[Pkg-libburnia-devel] Bug#774152: libisofs6: null pointer dereference

Jakub Wilk jwilk at debian.org
Tue Dec 30 23:34:07 UTC 2014


* Thomas Schmitt <scdbackup at gmx.net>, 2014-12-29, 18:38:
>Can you tell me your setup for xorriso ?

A program is worth a thousand words, so I wrote a scripts that sets 
(almost) everything up. It assumes that AFL is already installed (and 
the afl-* scripts are within $PATH), and that current working directory 
is root of the libisofs source.

I hope the script is sufficiently commented, but I recommend reading AFL 
documentation in addition to that: at least README and 
docs/status_screen.txt.

>Are there any known problems to avoid ?

Setting up AFL is a multi-step process, and there's a few ways things 
could break. Fortunately, afl-fuzz is designed to be goof-proof. :-) It 
usually warns you if something went wrong.

-- 
Jakub Wilk
-------------- next part --------------
#!/bin/sh
set -e
if ! [ -f demo/demo.c -a -d libisofs ]; then
	echo 'This script must be run in the root directory of libisofs source.' >&2;
	exit 1
fi

# 1) Enable hardening for afl-gcc.
# Hardening allows catching more memory bugs at the expense of a slight
# performance loss.
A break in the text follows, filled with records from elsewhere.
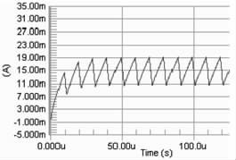 要保證PWM 周期小于電感的τ 時間, 因?yàn)槿鬚WM 的周期大于τ, 則極有可能出現(xiàn)在PWM 的占空比變化的情況下, 電路中電流都能達(dá)到電感的飽和直流電流, 影響了對LED 電流調(diào)節(jié)。當(dāng)C8051330 的時鐘頻率是25 MHz ,PWM 的周期的選擇對電流改變檔位的影響很大。若周期越大, 則PWM 占空比的檔位越多, 反之越少。擬用256 個檔位的占空比, 因此PWM 波的頻率應(yīng)選擇在100kHz 以下,即周期在10 μs 以上,直流電感為10Ω, 此時電感值應(yīng)選擇大于0.1 mH.圖2 分別是PWM 頻率為100kHz , 占空比為90%, 電感為0.1 mH、1 mH 和40 mH 時電路電流值的模擬結(jié)果。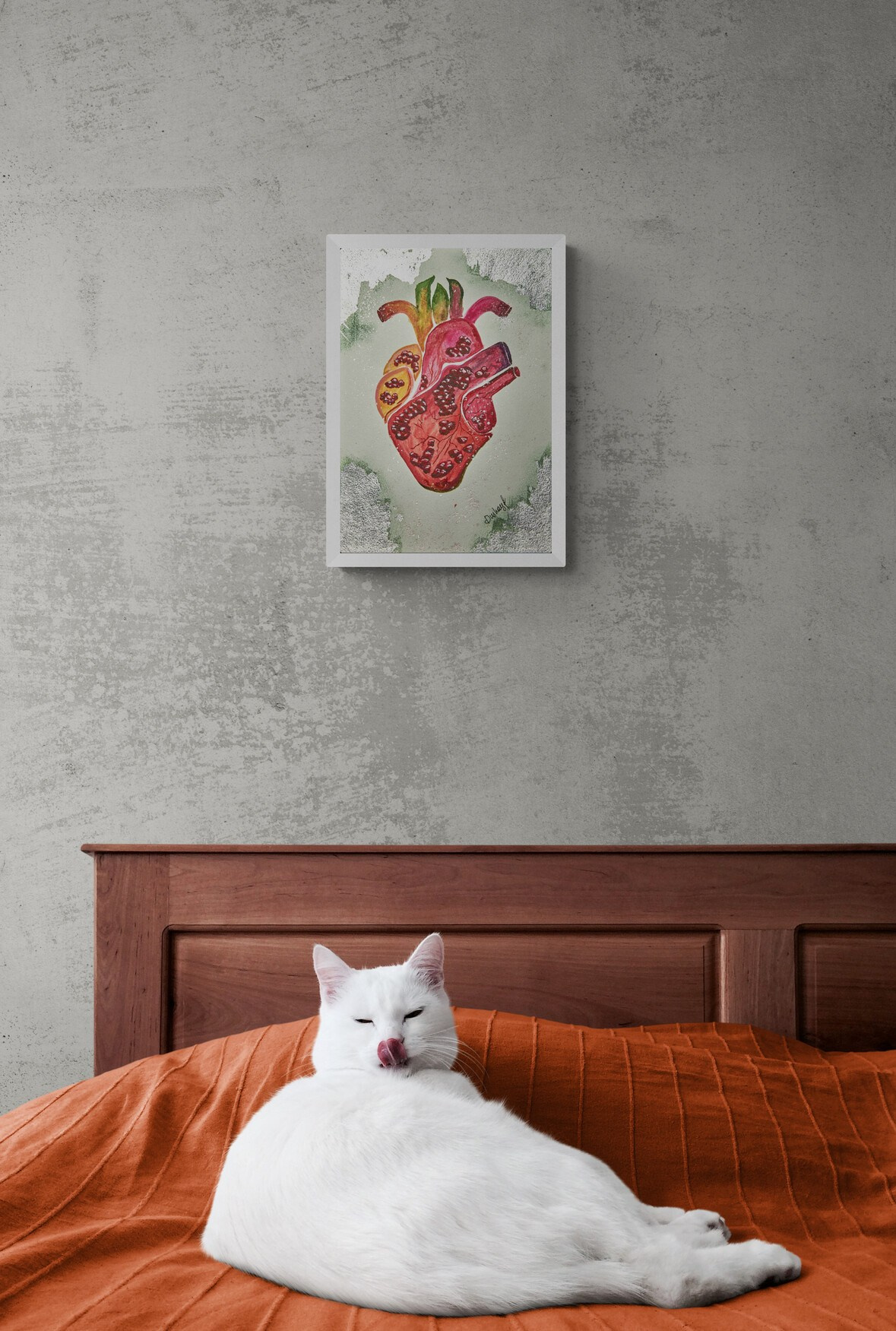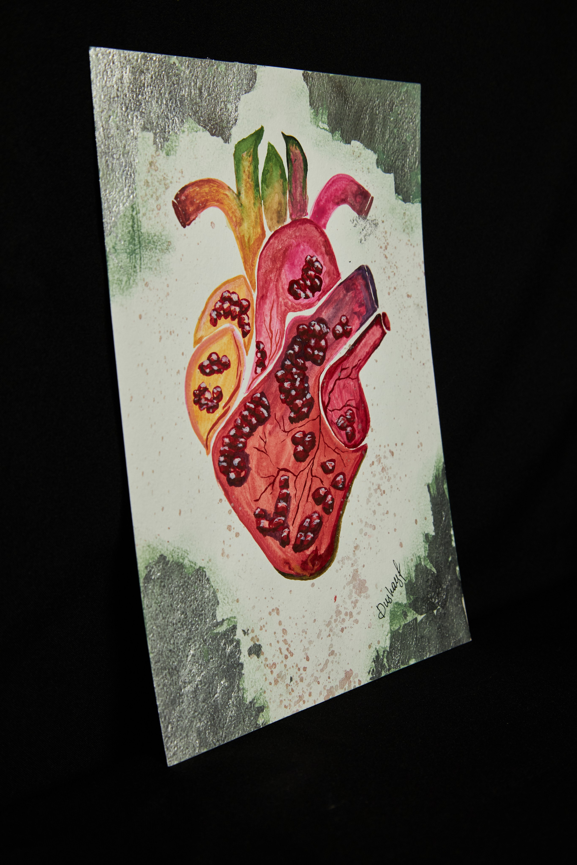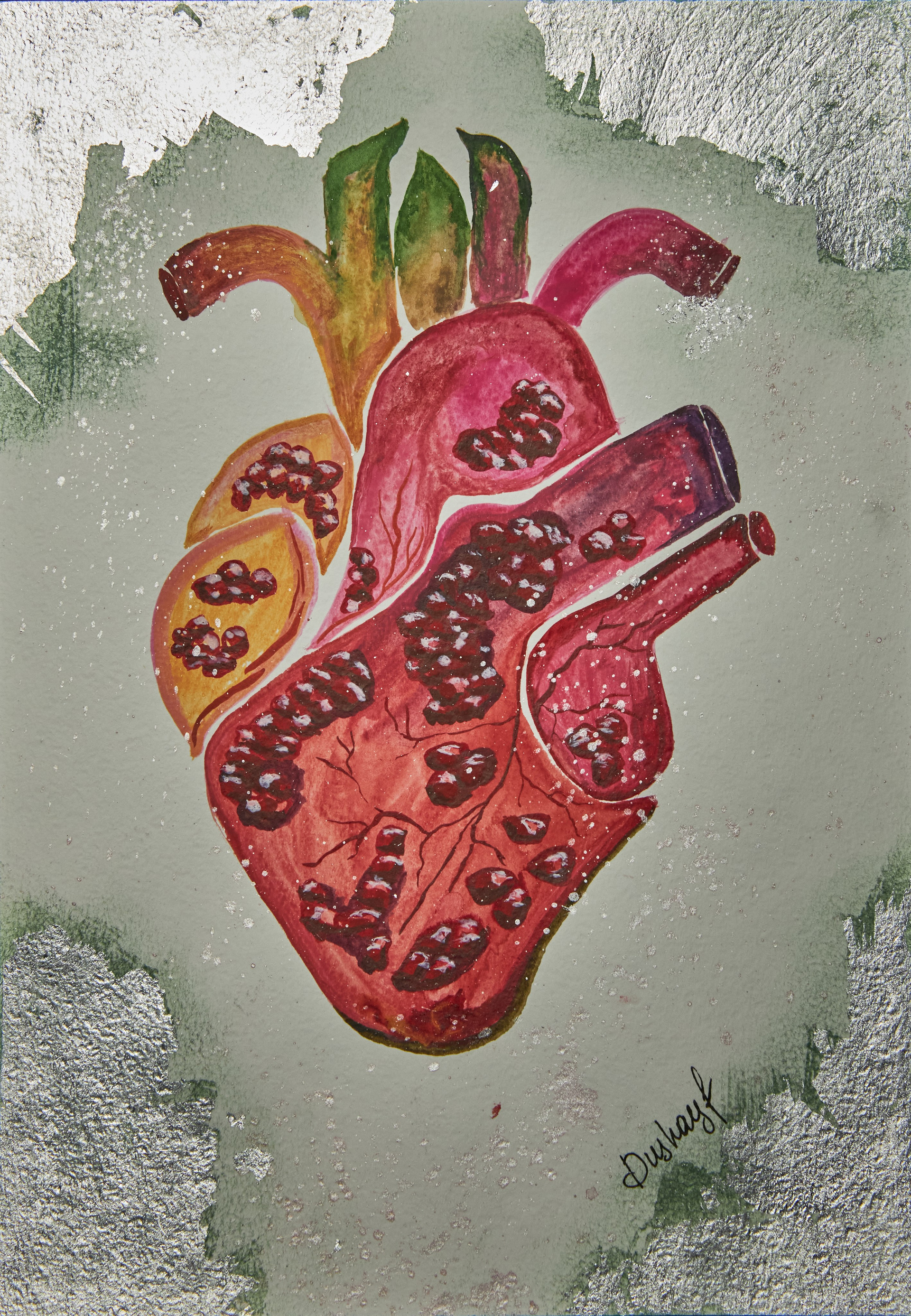Откройте для себя мощный символ жизни, эмоций и природы в этой сюрреалистической акварели, представляющей собой анатомический натюрморт, где человеческое сердце переосмыслено как форма, созданная из зёрен граната и сегментов фрукта. Слияние анатомии и природы выражает глубокую связь между жизненной энергией и ростом — поэтическую медитацию о сути бытия.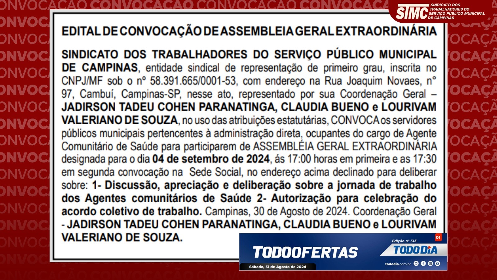CAMPANHA SALARIAL 2025: CONVOCAÇÃO PARA ASSEMBLEIA GERAL EXTRAORDINÁRIA, 4 DE JUNHO, ÀS 17H, NA SEDE DO STMC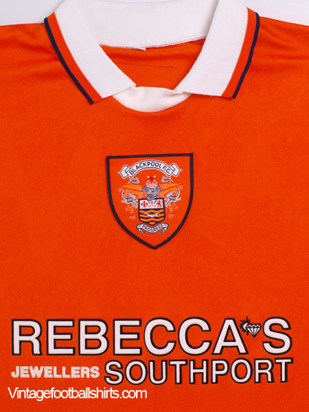 Details - Home shirt as worn when Blackpool finished 3rd in the Second Division in the 1995-96 season, failing to gain promotion to the First Division after losing 3-2 on aggregate against Bradford City in the play off semi finals. Blackpool could not make it back to the play offs in the next season after finishing 7th in the Second Division, 4 points short of a play off place.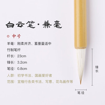 一海堂 文化毛笔 兼毫大白云中楷小楷兼毫学生书法国画专用初学者入门毛笔套装小学生成人楷书行书-兼毫中楷
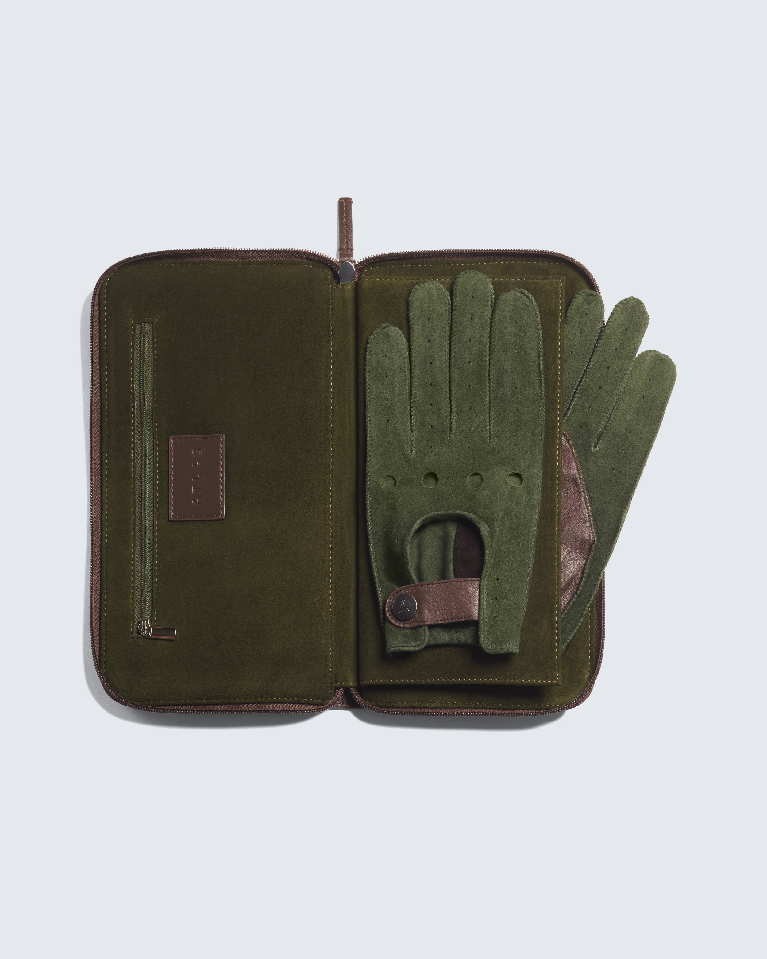 The Green Suede Racing Gloves Set is designed for drivers and collectors who value material nuance and functional design. It reflects a quieter approach to luxury - focused on texture, comfort, and longevity.

It's a good trade-off IMO.
export AFL_HARDEN=1

# 2) Build the library AFL instrumentation:
./configure CC=afl-gcc
make
mkdir tmp

# 3) Create a (small) initial test case:
cat > tmp/limeric <<EOF
There was a young man from Japan
Whose limericks never would scan.
When asked why that was,
He replied "It's because
I always try to cram as many words into the last line as I possibly can."
EOF
mkdir -p afl-input
xorrisofs tmp > afl-input/input.iso
rm -rf tmp
# Unfortunately, the test case is kinda big.
# Test cases under 1K are ideal for AFL, but oh well,
# we'll keep our cool with this 360K monster. :-P

# 4) Find or write a program that will exercise the library.
# It is important that the target program is as fast as possible.
# For example, xorriso(1) overhead is far too big.
# Fortunately, the demo looks like a good candidate for the target program. :-)
# Let's just check that it actually works:

demo/demo -iso_read afl-input/input.iso

# 5) Start fuzzing:
afl-fuzz -d -i afl-input/ -o afl-output/ -- demo/demo -iso_read @@
# Here:
#  "-d" enables quick & dirty mode (which is rather necessary with our huge test case)
#  "-i" specifies input directory
#  "-o" specifies output directory for AFL findings
#  parameters after "--" is the command line that AFL will execute
#  "@@" is a placeholder for filename of mutated input
#
# And that's it! :-) The fuzzing process will continue until you press Ctrl-C.
#
# See the status_screen.txt file in the AFL documentation for information on
# how to interpret the displayed stats and monitor the health of the process.
#
# AFL will store input files that triggered a crash in afl-output/crashes/.